[jira] Updated: (DERBY-3288) wrong query result in presence of a unique index

A B (JIRA) Mon, 28 Jan 2008 14:41:59 -0800

     [ 
https://issues.apache.org/jira/browse/DERBY-3288?page=com.atlassian.jira.plugin.system.issuetabpanels:all-tabpanel
 ]


A B updated DERBY-3288:
-----------------------

    Attachment: d3288_v2.patch

Attaching d3288_v2.patch, which is a first attempt a complete solution for this 
issue.  The patch does the following:

  1. Move all of the existing "pull optimizable" processing out
     of the getNextPermutation() method and into its own method,
     pullOptimizableFromJoinOrder(), for the sake of clarity.

  2. Add a call to pullOptimizableFromJoinOrder() that updates
     assignedTableMap to correctly reflect the pulling of the
     optimizable in question.
     
  3. Make the getNextPermutation() metod call the new method
     (pullOptimizableFromJoinOrder()) **BEFORE** trying to
     determine what the next legal optimizable for the join
     order can be.

Changes 1 thru 3 above fix the query as reported in this Jira.

But with those changes, store/SpaceTable.sql was failing with an ASSERT failure 
just as it did for d3288_incomplete_v1.patch.  I looked into this and 
eventually tracked it down to the fact that the FromVTI class misuses the 
"referencedTableMap" field that it inherits from ResultSetNode.java.  More 
specifically, that field is intended to hold table numbers for all FromTables 
which appear at or _beneath_ a given FromTable in the query tree.  But for 
FromVTI, the referencedTableMap was holding table numbers for all FromTables 
which were referenced by the _arguments_ to the FromVTI.  As an example, take 
the following query (which is pulled from store/SpaceTable.sql):

  select conglomeratename, isindex,
    numallocatedpages, numfreepages, pagesize, estimspacesaving
  from SYS.SYSSCHEMAS s, SYS.SYSTABLES t,
     new org.apache.derby.diag.SpaceTable(SCHEMANAME,TABLENAME) v
  where s.SCHEMAID = t.SCHEMAID
  and s.SCHEMANAME = 'APP'
  order by conglomeratename;

In this query SpaceTable will be parsed as a FromVTI and will get its own table 
number; SYSSCHEMAS and SYSTABLES will each get its own table number, as well.

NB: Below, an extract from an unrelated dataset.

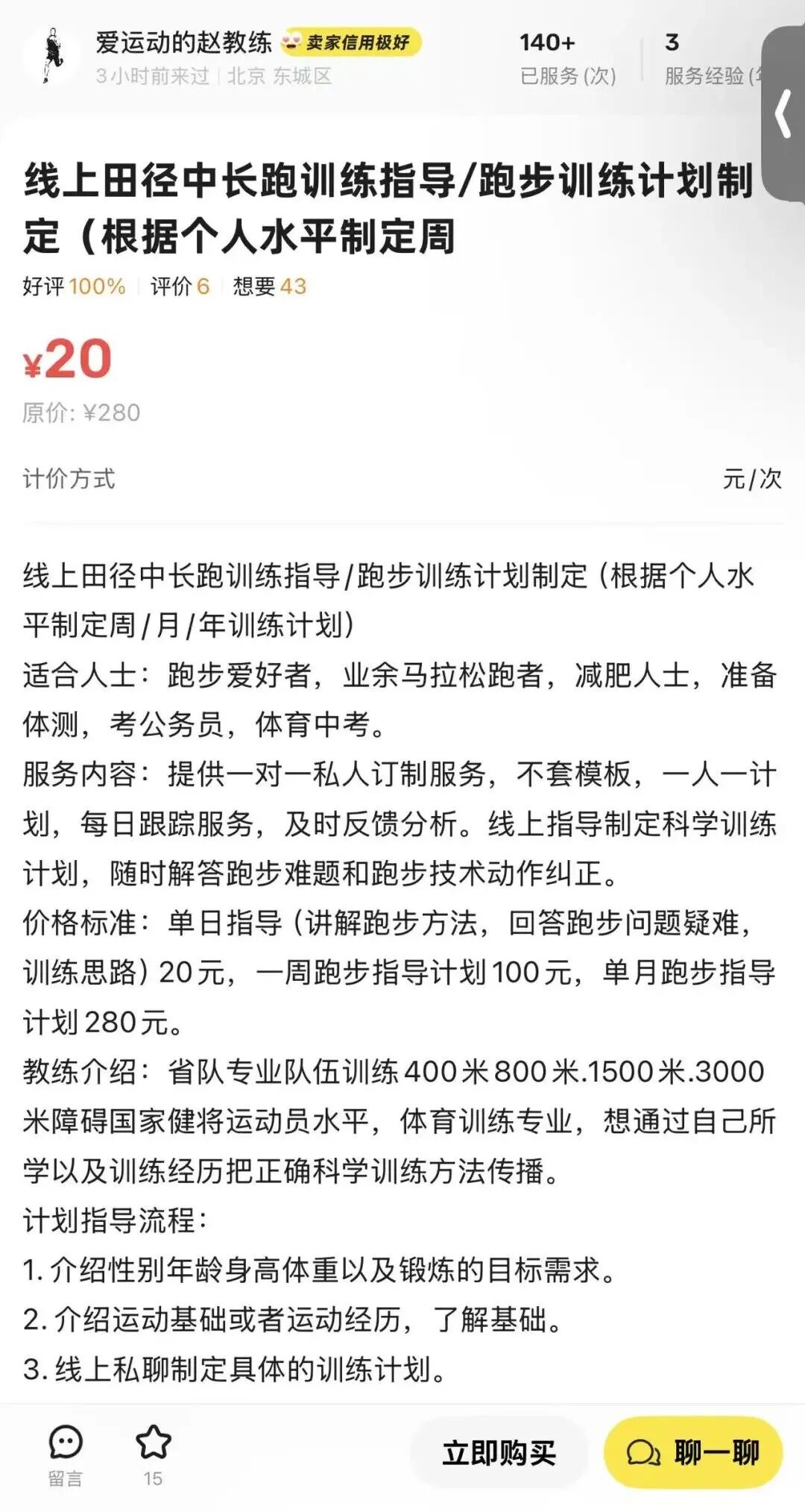 《北京商报》记者调查发现,马拉松教练通常按课时收费,一小时为一个课时,每小时收费在400—800元。要是连续报10节课,能享受3000~5000元的优惠价。
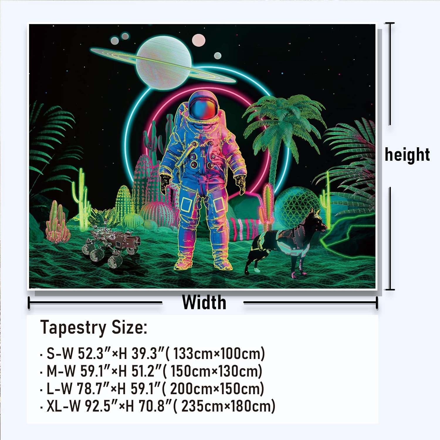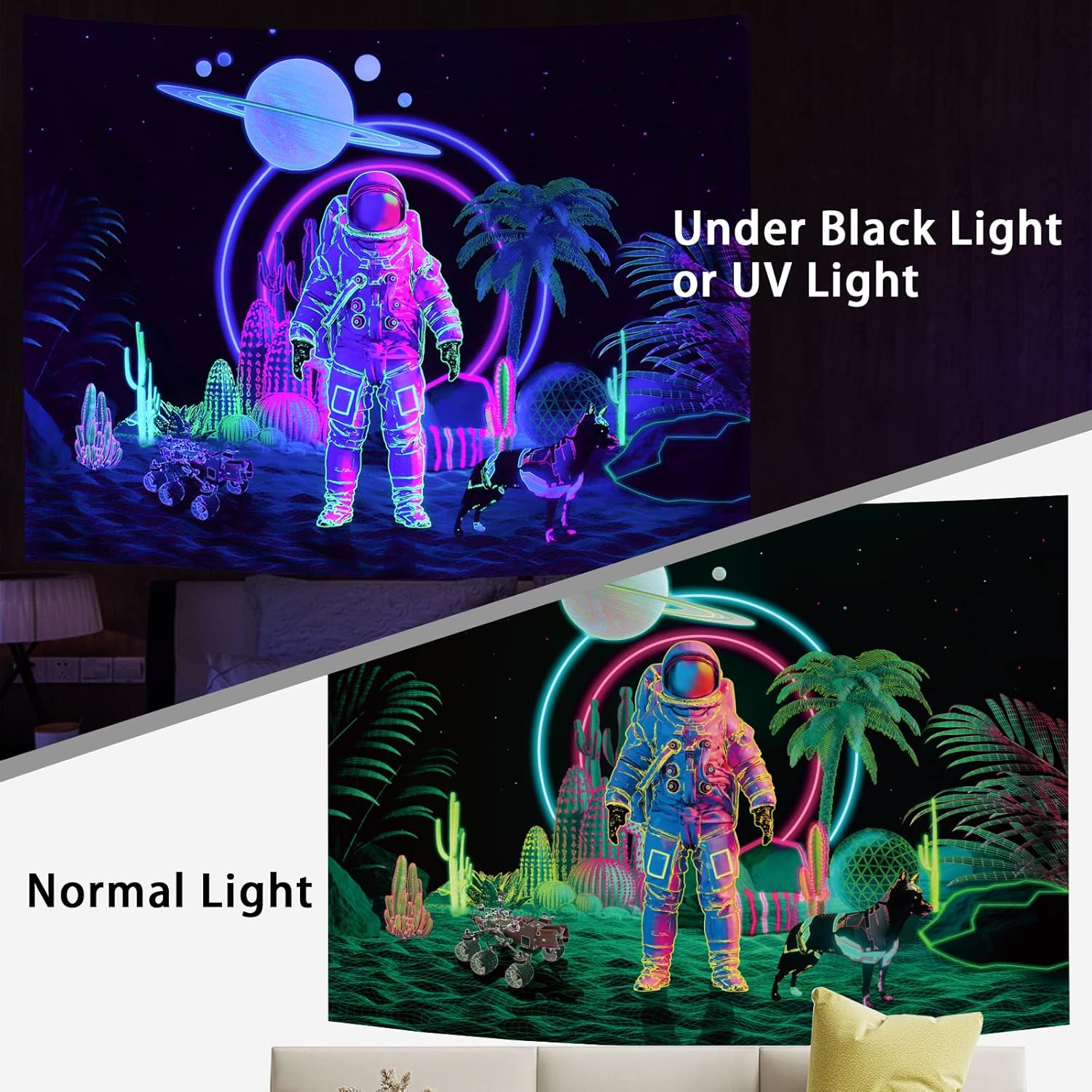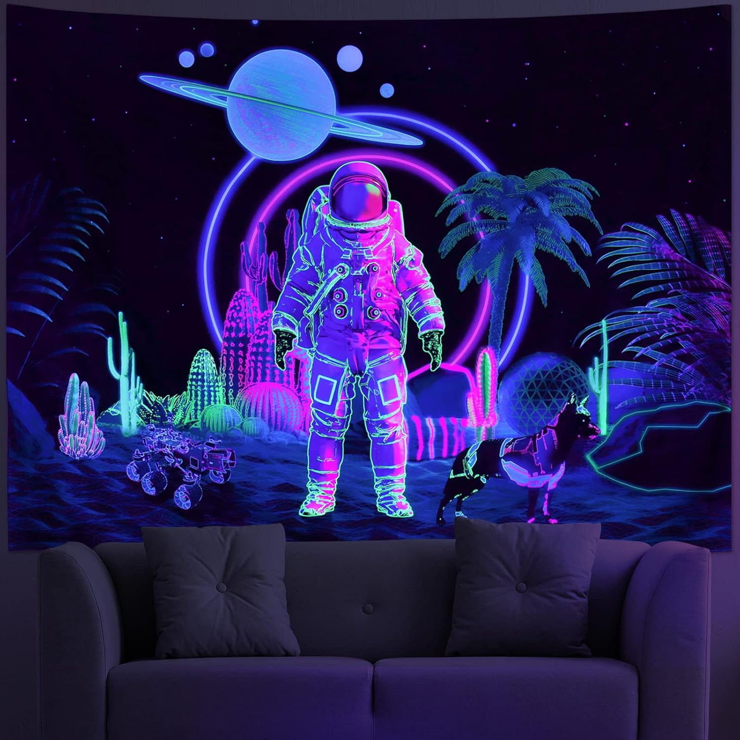 - Amonercvita Blacklight Astronaut Tapestry UV Reactive Planet Tapestries Neon Cactus Tapestry Galaxy Space Tapestries Black Light Palm Tree Wall Hanging for Room

That said, the referencedTableMap for the FromVTI should only contain the table 
number of the FromVTI itself--because there are no other FromTables beneath the 
FromVTI in the query tree (esp. FromVTI doesn't have any children nodes that 
are instances of FromTable).  But with the current codeline, the arguments for 
SpaceTable will be processed and their table numbers will be added to FromVTI's 
referencedTableMap, so that FromVTI's referenced table map will contain:

  { SYSSCHEMAS, SYSTABLES, SpaceTable }

instead of

  { SpaceTable }

This confuses the optimizer's dependency checking, which assumes that a 
FromTable's referenced map only contains table numbers for itself and any 
FromTable children. The result of this confusion is a join order that puts 
SpaceTable _before_ SYSSCHEMAS and SYSTABLES, which means that attempts to 
generate the FromVTI wll fail because the tables that it references have not 
yet been generated.

Note that FromVTI _does_ have a dependency on SYSSCHEMAS and SYSTABLES as a 
result of its arguments--that part is correct.  And the current code _does_ try 
to enforce that dependency.  But the misuse of referencedTableMap causes the 
current code to do the wrong thing.  This is because the assignedTableMap used 
by the Optimizer sets/unsets bits based on the referenced table map.  So we end 
up in a situation like this:

  Join order:       { SYSTABLES, SYSSCHEMAS, SpaceTable }
  assignedTableMap: { SYSTABLES, SYSSCHEMAS, SpaceTable }

  -- Pull SpaceTable from the join order.  We do an XOR between
     assignedTableMap and SpaceTable's referenced table map. Since
         SpaceTable's referenced table (incorrectly) includes bits
         for SYSSCHEMAS and SYSTABLES, the XOR yields:

       Join order:       { SYSTABLES, SYSSCHEMAS, -- }
       assignedTableMap: { }  // this is WRONG!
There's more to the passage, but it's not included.